Given the issues with the market transition from 28nm to < 20nm, it's worth noting that Ultratech doesn't have the advanced packaging market to itself either. Several companies, including Rudolph Technologies and SUSS MicroTec (as well as more established players like Canon and Nikon) have developed or repurposed lithography tools to address the rapidly-growing market created by copper-pillar, fan-in, fan-out, and other advanced chip packaging options.
Rudolph recently talked about some wins for its JetStep AP Lithography tools and the company posted good growth in the last year. Then again, compare Rudolph's 30% growth to $16.5 million in advanced packaging sales in 2015 to Ultratech's approximately 56% full-year growth and roughly $74 million in sales. Ultratech can't afford to take it for granted that they maintain leadership, but they are at least still competing from a position of strength.
Recalculating The Value
There is enough growth potential in Ultratech's addressed markets (advanced packaging, thermal processing, and inspection) to support a much higher level of orders, revenue, and market capitalization. Execution is the key unknown, though, and management will have to maintain a strong level of orders into and through 2016 to regain Wall Street interest. After all, 2015 was supposed to be a big year of order development and that fell flat. Even if some of that underperformance was due to companies like TSMC (NYSE:TSM) and Intel (NASDAQ:INTC) ordering less equipment than expected, I think it is nevertheless fair to say that laser processing was a big disappointment that advanced packaging couldn't offset.

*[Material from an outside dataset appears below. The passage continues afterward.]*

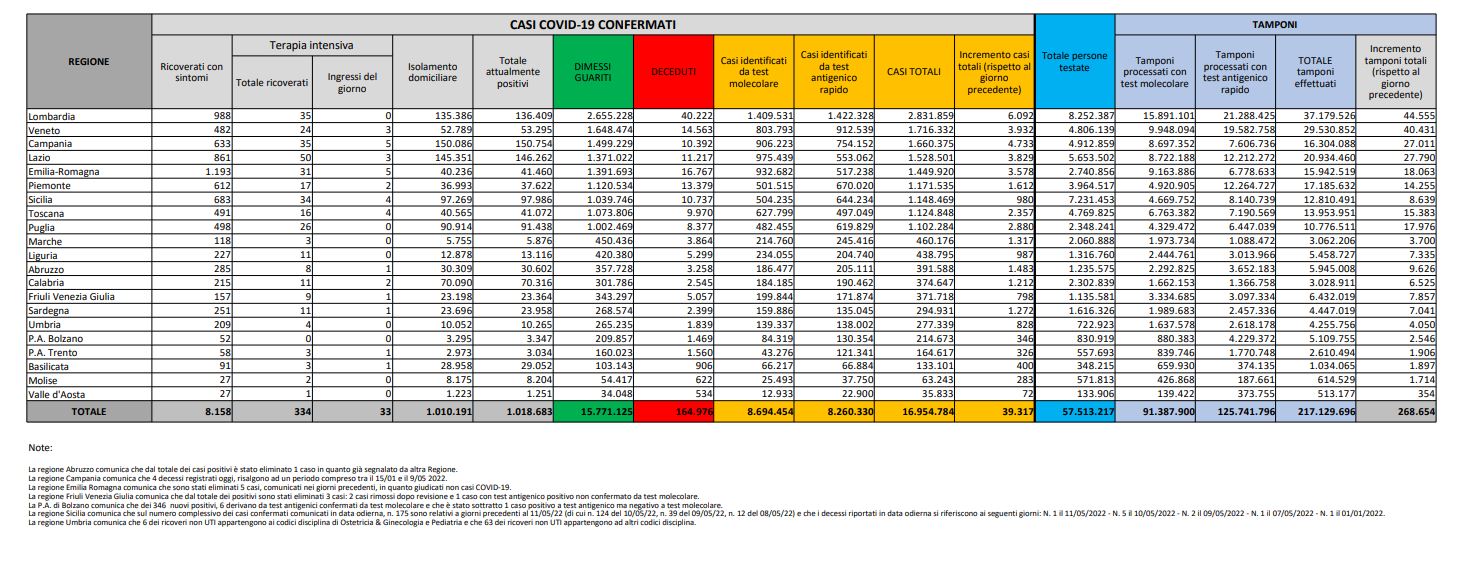 Tamponi fatti oggi: 268.654

I think $16.50 to $20 is still a reasonable range of fair values for Ultratech until/unless the company shows a consistent level of meaningful order growth - at least enough to drive the business back into profitability (and not just "above zero"; I mean double-digit operating margins). The stock could ultimately go quite a bit higher on renewed share growth in thermal processing, growth in inspection, and growth in advanced packaging, but I believe that's more of a "believe it if/when you see it" proposition.
The Bottom Line
My Ultratech holdings have always been a small "let's see what happens" position, so I'm not inclined to do anything with it right now. If the year goes on and Ultratech can't regain any momentum in thermal processing and/or seems to be slipping in advanced packaging, I'll take the loss and move on. For now, though, I'm still willing to see how 2016 order patterns play out and whether management can reestablish this story as a strong niche player in the larger semiconductor equipment space.
Disclosure: I am/we are long UTEK.
I wrote this article myself, and it expresses my own opinions. I am not receiving compensation for it (other than from Seeking Alpha). I have no business relationship with any company whose stock is mentioned in this article.